— WHAT YOU WILL DO —
Copy the lines below exactly, starting with the first and finishing with the one holding "Het appartement is ongelooflijk"; do not copy the pictures.

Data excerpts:
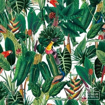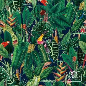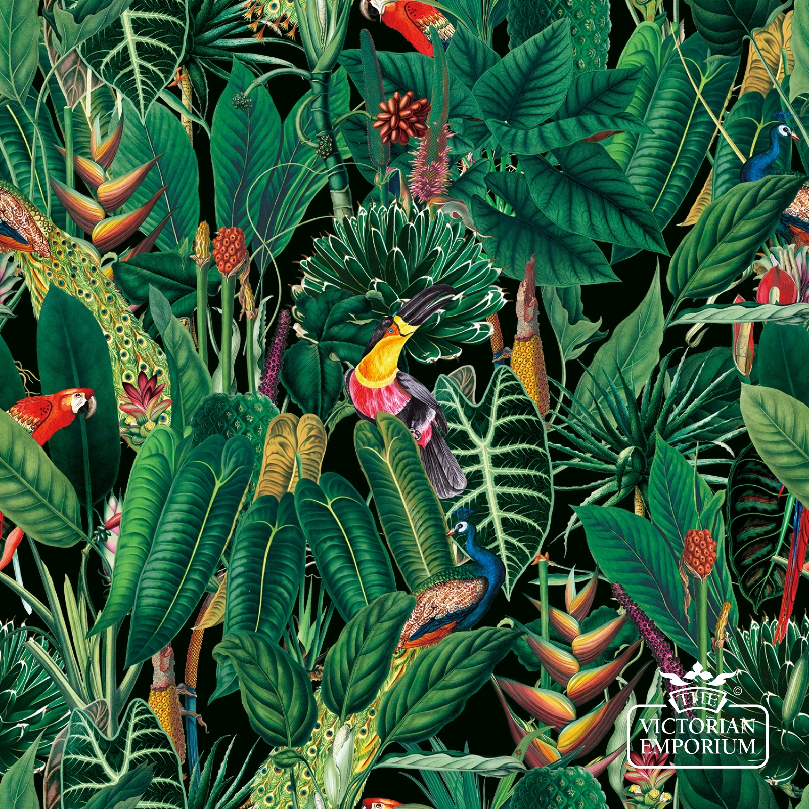 A really stunning fabric from the Tropical Velvets collection featuring exotic birds and rich green leafy plants in vibrant colours.
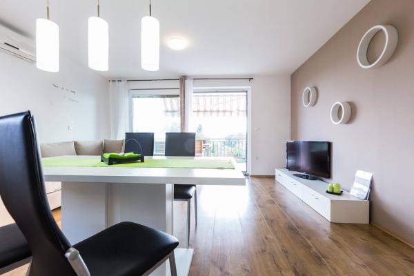 Het appartement is ongelooflijk mooi en comfortabel, met zo veel nieuwe en nuttige apparatuur (vaatwasser, koffiezetapparaat, oven, grote koelkast met vriezer, airconditioning, tv, wi-fi ...). Alles is schoon en mooi ingericht. Er zijn ook twee ruime balkons. De locatie van het appartement is geweldig - u kunt het centrum bereiken in 5 minuten te voet, de jachthaven en het strand Bošana zijn ook zeer dicht, maar er is geen geluid, zodat u kunt genieten van uw vakantie in alle rust door middel van dag en nacht. Supermarkt is net om de hoek. De eigenaren zijn erg aardig, ze bieden schone handdoeken om de twee of drie dagen. Ik beveel verblijf hier!
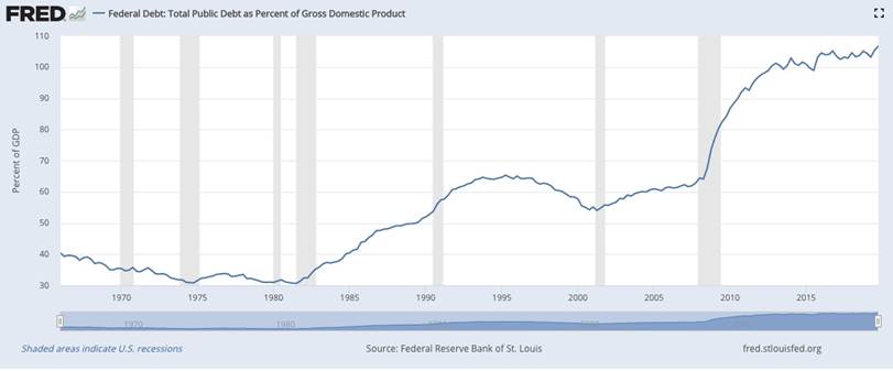 We see the red line in the first chart spike above $400/oz, within a couple of years of the blue line, the US debt-to-GDP ratio, in 2009 reaching a 50-year high of 15% change in debt-to-GDP ratio. The same pattern shows up in the second and third charts, where the debt soars to between 100 and 110% of GDP between 2012 and 2019 (2020 is not yet reflected in the first two charts) and the gold price rockets from about $800 an ounce in 2008 to an all-time high of $1,900/oz in 2011.
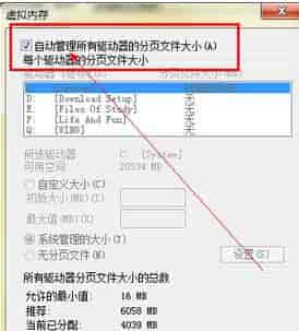5,单击更改后,进入,选择自动管理所有驱动,这样内存就不会提示不足了。
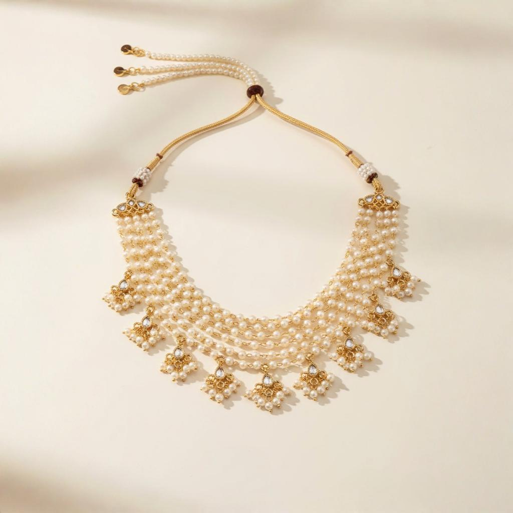 This pearl necklace blends timeless beauty with modern craftsmanship. Its minimal yet elegant design makes it a versatile accessory that can be styled for weddings, festive events, or everyday wear. A perfect combination of metal strength and pearl delicacy, it reflects subtle elegance in every detail.
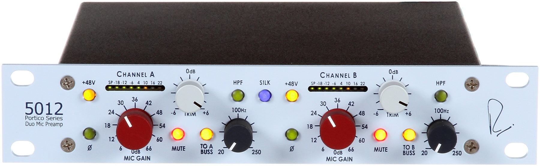 The Portico 5012 is a dual-channel mic pre featuring Rupert Neve's custom input and output transformer designs. In addition to individually selectable phase, mute, phantom power, and a fully sweepable high pass filter, the 5012 incorporates a "Silk" circuit which yields the rich warmth and presence of his renowned classics.

— OUTPUT BELOW —
 A really stunning fabric from the Tropical Velvets collection featuring exotic birds and rich green leafy plants in vibrant colours.
 Het appartement is ongelooflijk mooi en comfortabel, met zo veel nieuwe en nuttige apparatuur (vaatwasser, koffiezetapparaat, oven, grote koelkast met vriezer, airconditioning, tv, wi-fi ...). Alles is schoon en mooi ingericht. Er zijn ook twee ruime balkons. De locatie van het appartement is geweldig - u kunt het centrum bereiken in 5 minuten te voet, de jachthaven en het strand Bošana zijn ook zeer dicht, maar er is geen geluid, zodat u kunt genieten van uw vakantie in alle rust door middel van dag en nacht. Supermarkt is net om de hoek. De eigenaren zijn erg aardig, ze bieden schone handdoeken om de twee of drie dagen. Ik beveel verblijf hier!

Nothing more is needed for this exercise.